L’illusione ottica generata dalla prospettiva e dalla fusione delle
arti(pittura,scultura,architettura), tipica delle grandi decorazioni
barocche risulta qui assolutamente perfetta, se l’osservatore si
pone nel punto appositamente indicato da un disco sulla
pavimentazione della chiesa.
Il punto di fuga , si trova nel centro geometrico della
composizione verso cui convergono le linee della struttura
architettonica dipinta, e in cui è collocata la figura chiave di
Cristo (Tornaghi E. “Le stanze dell’arte”).
Il Pozzo adottò un particolare metodo per la quadratura: di notte
una graticola di fili veniva proiettata sul muro da affrescare e qui
trasposta nella forma deformata della volta.

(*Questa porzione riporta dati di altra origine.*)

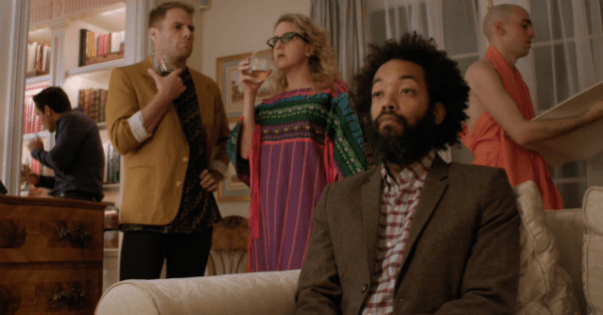 At a Q&A after the screening I saw at SXSW, Terruso said the party-goers at the salon David finds himself trapped in were mostly based on real things she had seen at various gatherings of New York art types. One review I read of the film coming out of the festival said the film plays like a one crazy night film a la After Hours, only the increasing stakes is how pretentious the people around David can get. I thought that was a pretty accurate take on this part of the film. David is trapped among people he mostly cannot stand, having been accidentally separated from Jennifer on their way to the party. Watching him keep his cool among all these ridiculous people is quite entertaining.

Questo
procedimento empirico si basava sull’uso di una sola fonte
luminosa che dava luogo a un effetto illusivo di sfondato con un
unico punto di vista. Veniva così creato un passaggio
impercettibile dal reale al sovrannaturale(Storia Universale
dell’arte, “Da Caravaggio a Bernini”, vol 9)

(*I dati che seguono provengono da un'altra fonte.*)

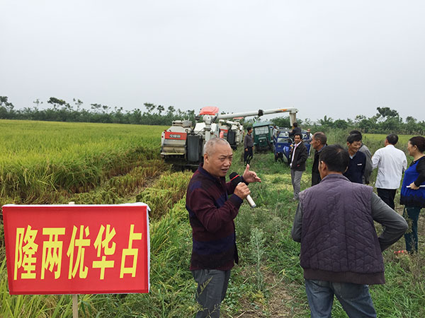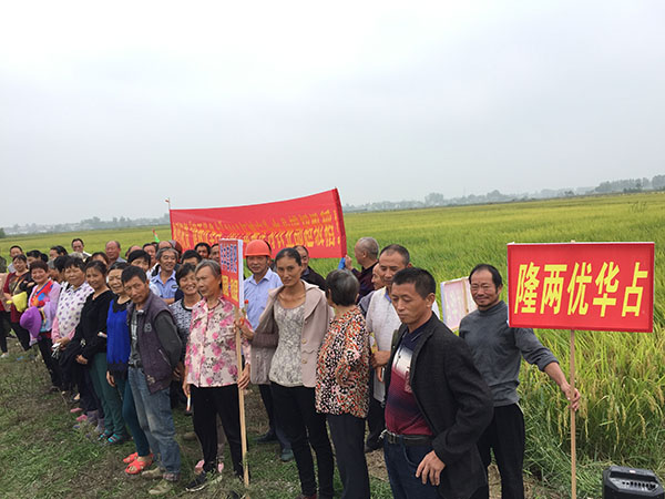 2017年9月5日,來自紙廠河鎮(zhèn)的60余名農(nóng)戶在當?shù)芈蓛?yōu)華占零售商肖建平經(jīng)理的組織下,來到位于大湖村5組黃文平的田間,參加隆兩優(yōu)華占的現(xiàn)場實收會。

A.Pozzo,Gloria di Sant’Ignazio, part.
Il soggetto esalta l’opera missionaria dell’ordine
dei gesuiti fondato da sant’Ignazio; un raggio di
luce parte dal Cristo centrale e colpisce il santo già
collocato nell’empireo dei beati e, riflesso da
questo, viene catturato da specchi ustori (col
monogramma di Cristo IHS) che accendono il
“fuoco” sulla terra(allusione a una citazione
evangelica, e cioè alla fede in Cristo propagata nel
mondo; in questo caso dai Gesuiti).
Nei lati lunghi le figure sedute sulla cornice
architettonica rappresentano le allegorie dei
quattro continenti nei quali la Compagnia svolgeva
la sua missione di apostolato: Asia, Africa, Europa
e America.(“Da Caravaggio a Bernini”, cit.)
Luca giordano
Trionfo di Giuditta
1703-04
affresco,Certosa di San Martino,
Napoli
Questa pittura che porta al centro il
Trionfo di Giuditta e intorno altre
storie del Vecchio Testamento
racconta l'ultimo Giordano: pittore
tra sogno e realtà. In questa opera il
racconto sviluppato secondo una
circolarità ininterrotta per effusioni
di luci e sottili trapassi cromatici
accresce allusivamente le dimensioni
della cupola, aumenta la profondità
dello spazio; è un'opera "accordata
magicamente come un universo che
si riflette entro una lente convessa,
armonica, così da risultare
monumentale, pur entro dimensioni
ridottissime; il più straordinario
artificio pittorico realizzato a Napoli
nel solco dell'illusionismo barocco
alle soglie del Rococò
europeo".(Ferraro)
Luca Giordano (Napoli, 1634-1705). Da ragazzo Giordano
studia e apprende la tecnica pittorica nella bottega di Jusepe
de Ribera. Nel 1652 parte per il primo dei suoi numerosi
viaggi. Dopo una sosta a Roma, prosegue per Firenze e
Venezia avendo così modo di formarsi una cultura ricca e
aggiornata. Il contatto con la pittura veneta lo induce ad
abbandonare l’iniziale chiaroscuro di matrice caravaggesca
appreso dal Ribera per dedicarsi ad una produzione luminosa e
dinamica. Tornato a Napoli sperimenta questo suo nuovo
modo di dipingere nelle numerose chiese dove viene chiamato
a lavorare. Il successo della sua arte pittorica appare evidente
dal suo secondo viaggio che lo porta a Firenze e Venezia, dove
Giordano diventa per molti altri artisti il maestro da ammirare
e imitare. In età matura egli alterna periodi di lavoro a Napoli,
con soggiorni in altre città.
Nel 1682 a Firenze esegue la galleria affrescata di Palazzo
Medici-Riccardi, uno dei suoi capolavori. Risulta ormai
chiara la rottura con gli schemi della pittura classica: le
figure libere sullo sfondo del cielo che Luca dipinge
sembrano preannunciare i caratteri tipici dell’arte
settecentesca. Diventato famoso in tutta Europa, nel 1692
si trasferisce a Madrid dove lavora per circa un decennio
affrescando i soffitti dell’Escorial ed eseguendo uno
straordinario "Omaggio a Velazquez" .Alle soglie dei
settant’anni torna a Napoli, dove nel 1704 dipinge il
"trionfo di Giuditta" nella cappella del Tesoro della certosa
di San Martino, ultimo suo capolavoro.